Cheers, Aaadddaaammm 07:38, 25 September 2007 (UTC)
- In lieu of actually answering the question, I'll at least provide some relevant information. This paper (which describes the process near the bottom) suggests the process was barely studied until recently, and that the half-lives of mammalian introns have been measured to lie between 6 and 29 minutes. Someguy1221 07:56, 25 September 2007 (UTC)
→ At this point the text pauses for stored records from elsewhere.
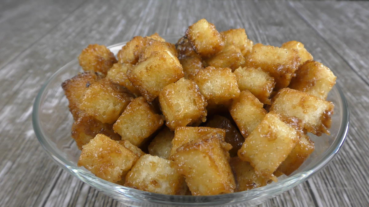 Хлеб нарезаем небольшими кубиками (примерно 1,5×1,5 см). Обжариваем на сухой сковороде на слабом огне до хрустящей золотистой корочки. ✅ 2. Делаем карамель
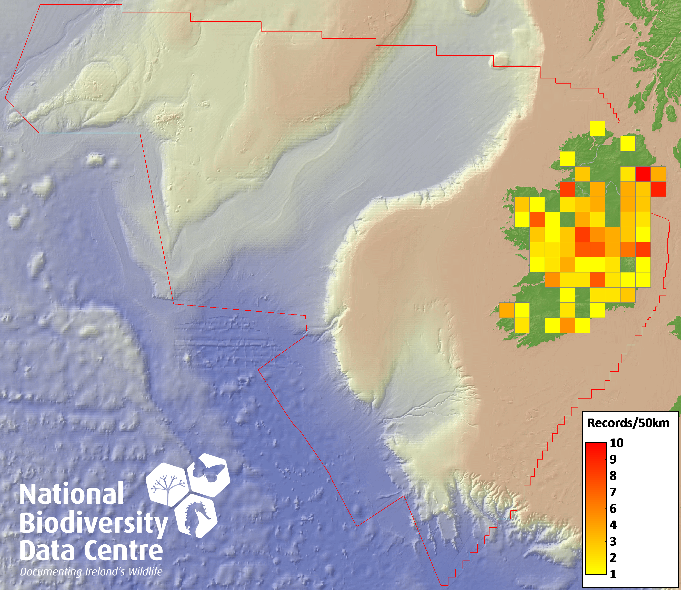 Distribution of the number of records recorded within each 10km grid square (ITM).Marine Map - 50km
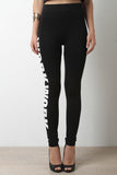 These leggings feature smooth stretchy knit fabrication, "WORK WORK" graphic print on one side, wide elasticized waist band, and taper cut legs. Accessories sold separately. 100% Polyester.
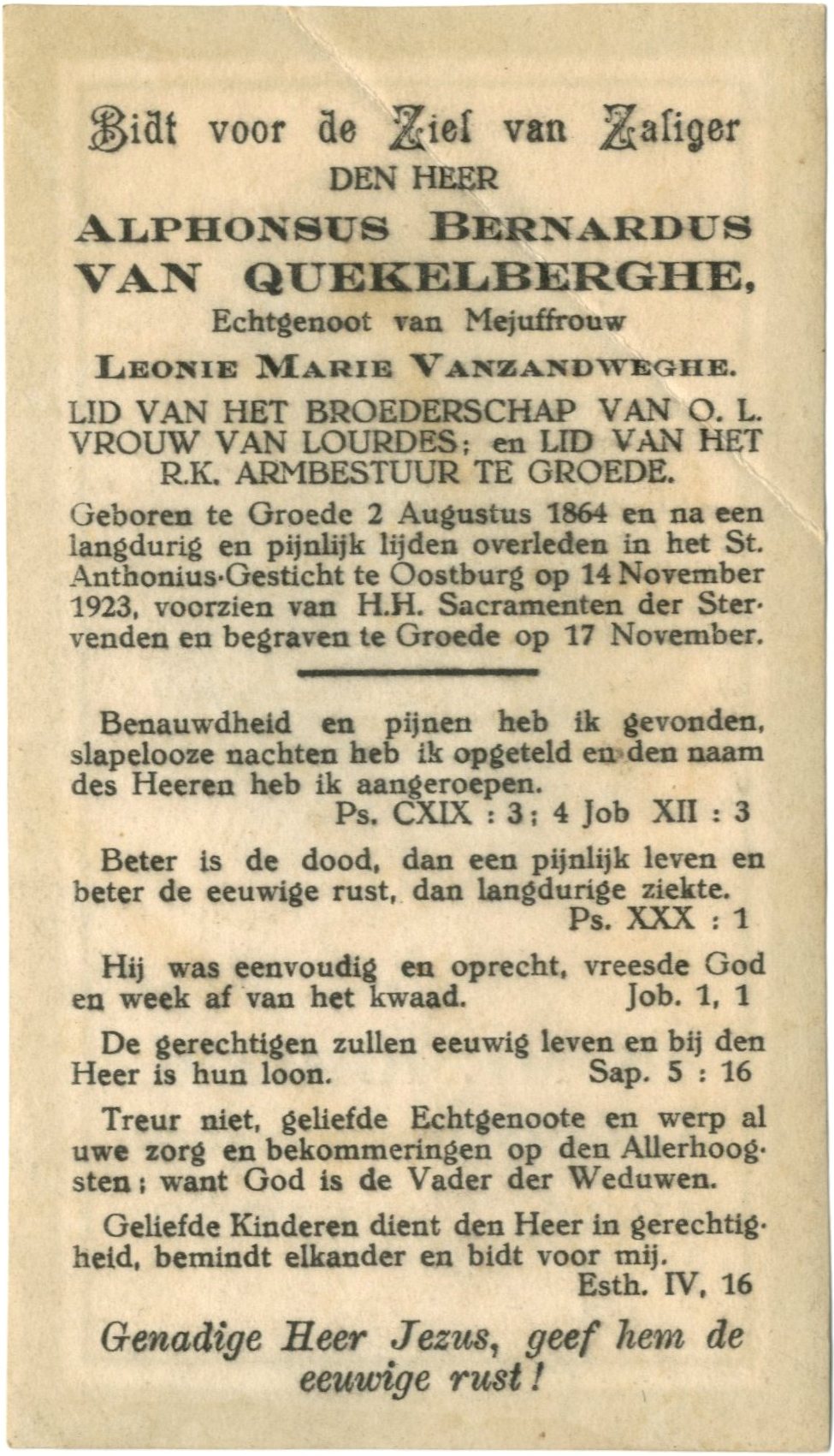 na een langdurig en pijnlijk lijden overleden in het St. Anthonius-Gesticht te Oostburg op 14 November 1923

When you say degraded quickly are you referring to the splicing of RNA or their presence in the genome? David D. (Talk) 22:39, 26 September 2007 (UTC)
I'm talking about the intronic RNA after it's been spliced out of the pre-mRNA. Aaadddaaammm 23:09, 26 September 2007 (UTC)
- I have never heard of the review but a quick search reveal a paper from 1992 (L Qian, M N Vu, M Carter, and M F Wilkinson (1992) A spliced intron accumulates as a lariat in the nucleus of T cells. Nucleic Acids Res. 1992 October 25; 20(20): 5345–5350. ) that states "RNA splicing is a process whereby exons are joined and intervening sequences (introns) are removed in the form of a lariat structure" and cites the following review. Sharp PA, Konarksa MM, Grabowski PJ, Lamond AI, Marciniak, R and Seiler, SR (1987) Cold Spring Harbor Symposia on Quanititative Biology. LII, 277-285. That review sounds like a good candidate.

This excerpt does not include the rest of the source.